By Anetta Nowosielska
I recently overheard a chat at The Living Room at The Maidstone between two couples about their favorite places to visit during winter. There was talk about skiing in Aspen and sunbathing in St. Barth’s, but what piqued my interest was the mention of a tiny place I know well. “One of the most romantic places we ever visited was Little Palm Island,” said one of the ladies, who judging by the distance between her and her partner as well as her constant reprimand of his every word, was way overdue for an amorous interlude.
And I concur; Little Palm Island is romance wrapped in rainbows. But here is the thing about destinations like this miniscule island in the Florida Keys: they tend to undermine all other blissful vacation experiences by setting the bar just a little too high. Take me, for example. My first visit to the tony island that embodies the notion of “getting lost fabulously” was many moons ago, back in the beginning of my traveling days when Holiday Inn was good enough and relaxing at the beach meant bringing your own towel and packed lunch. The few idyllic days I spent there — looking out onto the calm waters of the Atlantic from the comfort of my bungalow, all decked out in British Colonial splendor, while being catered to by a staff eager to get my every whim right — have profoundly twisted my vision of what a “spoil me rotten getaway” should be; much to the misfortune of so many other great destinations I have since visited. Be it Seychelles or St. Tropez or South Africa, I always compared those hot spots to Little Palm Island. So, when I was offered the opportunity to revisit my first luxurious stomping ground a few months ago, I took it without hesitation.
Mind you, in “going back” there are obvious traps to just about anything. Will it bewitch me the same way it did the first time? Have I become so jaded that anything short of revolutionary would be a disappointment? But sometimes, the more things change, the more they stay the same, and much to my relief, Little Palm Island is as stunning as ever.
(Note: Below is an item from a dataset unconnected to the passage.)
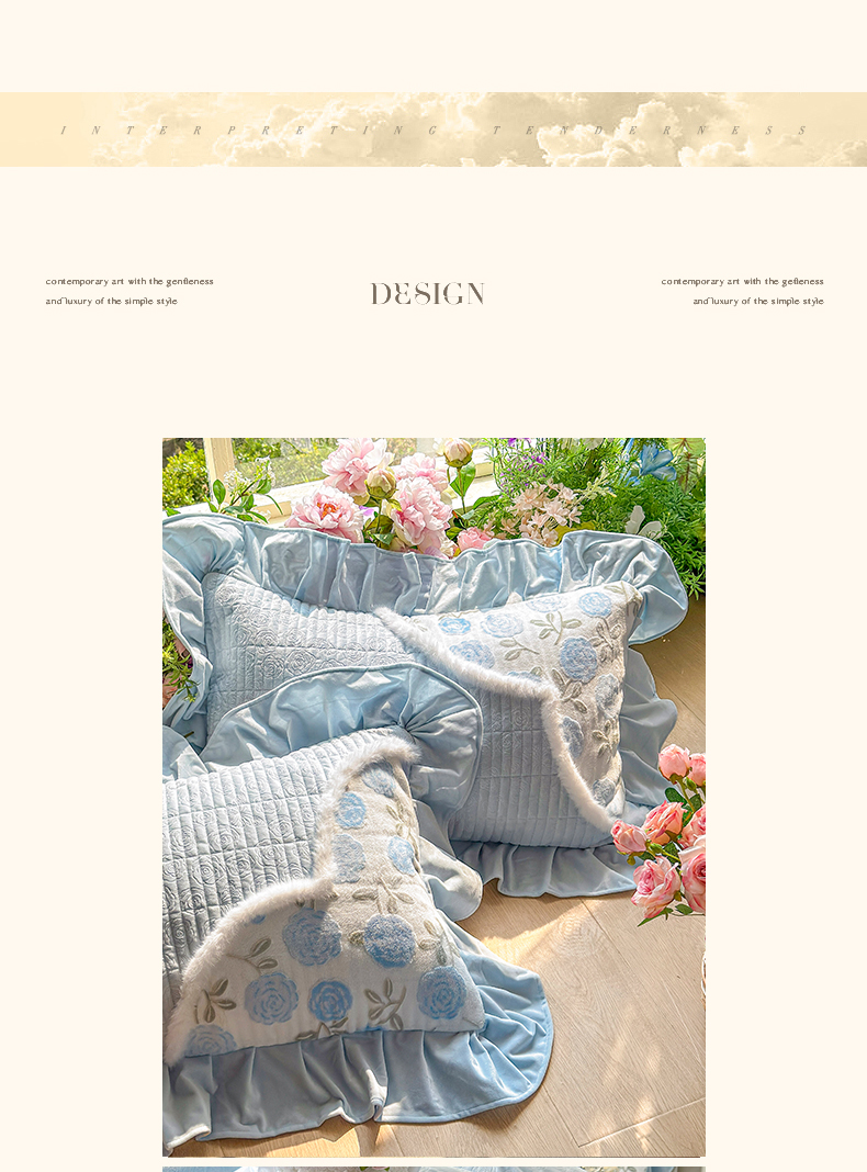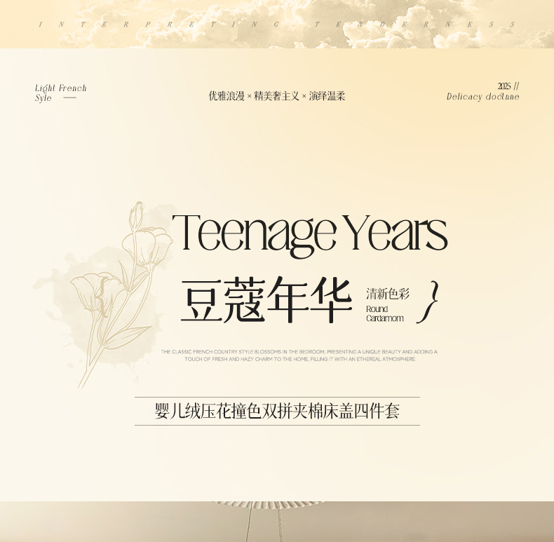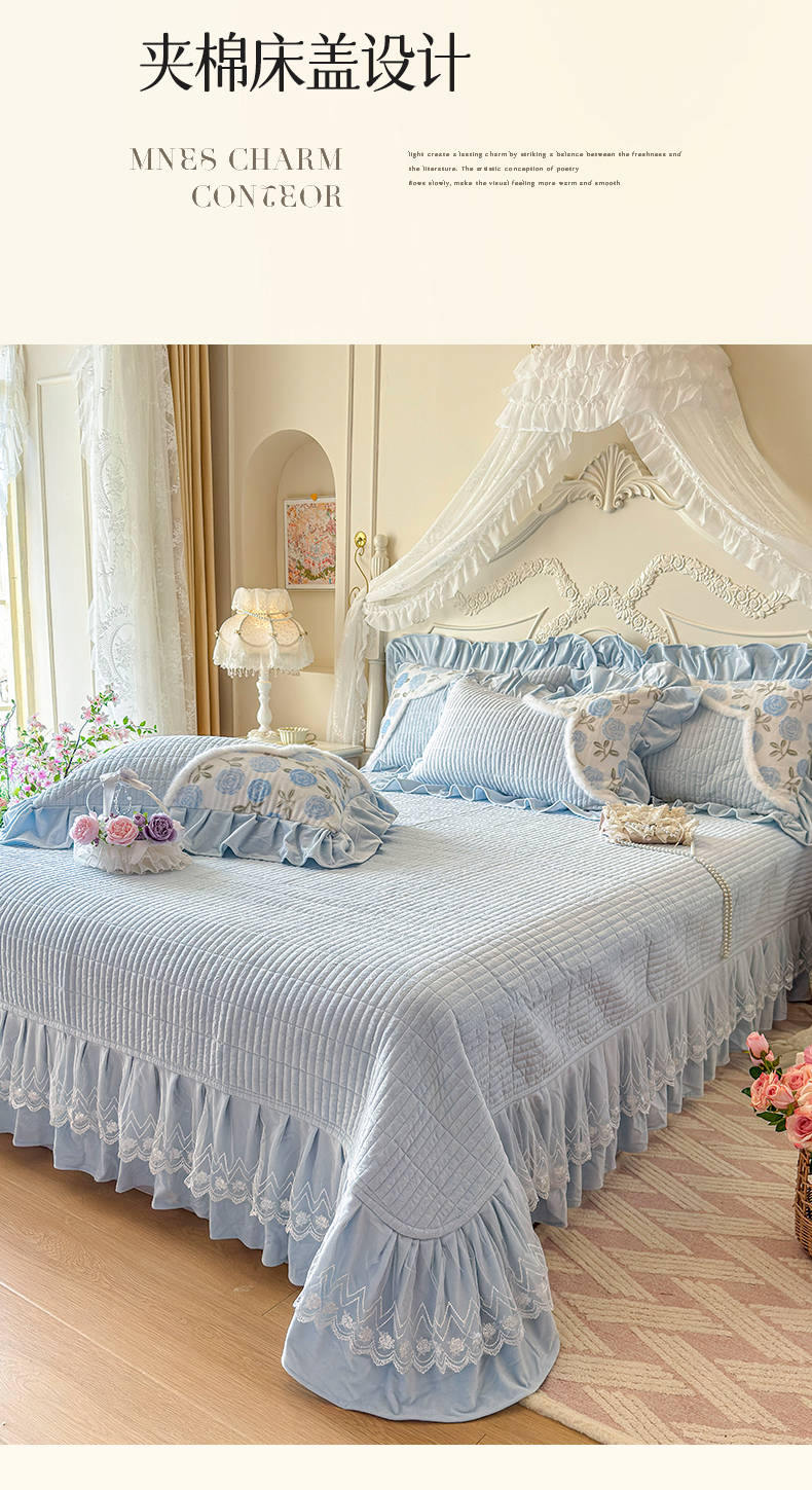 宜凡家纺 2025新款婴儿绒压花撞色双拼夹棉床盖四件套 床盖款-予花

Set amidst Jamaican coconut palms planted by one of its first inhabitants, the uber romantic 15 bungalows that house 30 suites are all set at water’s edge. Surnames, spelled out in blocks by the door, greet the guests, most of who are getting engaged, or on a honeymoon, or in the very least, hoping for either. The vaulted ceilings that rise to thatched roofs add a sense of exotic adventure while the net-enveloped, king size canopy bed — so high you’ll need the stool to reach it — is a shoe-in for that adult crib in The Princess and the Pea fable. Although the comforts of your bungalow, with antique bath and outdoor shower, may make you think twice about venturing outside, Little Palm Island offers many fabulous attractions to get you in the chill mode. Look no further than the spa for a relaxing way to kill time. If you are romantically inclined, reserve the Rainforest Spa Room that accommodates couples.
For those hoping to tackle the deepest personal issues, the island’s Spa Terre offers a wellness program that includes yoga, acupuncture, and life coaching. To solve simpler troubles, head to the pool bar that opens up to the island’s most breathtaking views, or take part in the ? fun distractions that will take your mind off whatever is causing your anguish. There are scuba diving excursions to the Looe Key Marine Sanctuary, deep sea fishing and snorkeling, kite surfing, kayaking, and paddle boarding. Now, if during your water adventure an antler appears on the ocean’s surface, worry not. You have not drunk too many of the island’s signature Gumby Slumbers, a delicious elixir of rum, assortment of juices and coconut. The endangered Key deer, a very crafty animal, has adapted to the sub-tropic climate and all of its leisurely pursuits. Friendly and permanently hungry, this small creature has no qualms about poking around for food while you are dining or swimming for that matter. Ridiculously domesticated, you can pet it, or even Eskimo kiss it if you’d like, unless, of course, you are holding on to your distaste for its Long Island cousin that’s caused ruckus in your garden. In that case it’d be wise to just stay away.
Keep in mind, Little Palm Island is a virtually signal-free zone; so checking your email isn’t just a faux pas — it’s pointless. Same goes for bringing children. (I will go on record to say that, most likely, the deceptively naïve deer are to blame. After all, who wants to compete with the cuteness of a baby?) No one under 16 years old can access the island — unless, of course, you are interested in a resort buy-out, which would permit bringing not only your “junior,” but your mother-in-law, too. Sure. There are limited opportunities to check on a football game, or to get your news fix. (A small media room will accommodate the occasional TV junkie.) But arguably, the best show in town is the daily sunset – that magnificent ode to color and sun and light – which, much like Spencer, the resident blue heron that bids farewell to the departing, hasn’t taken a day off, yet.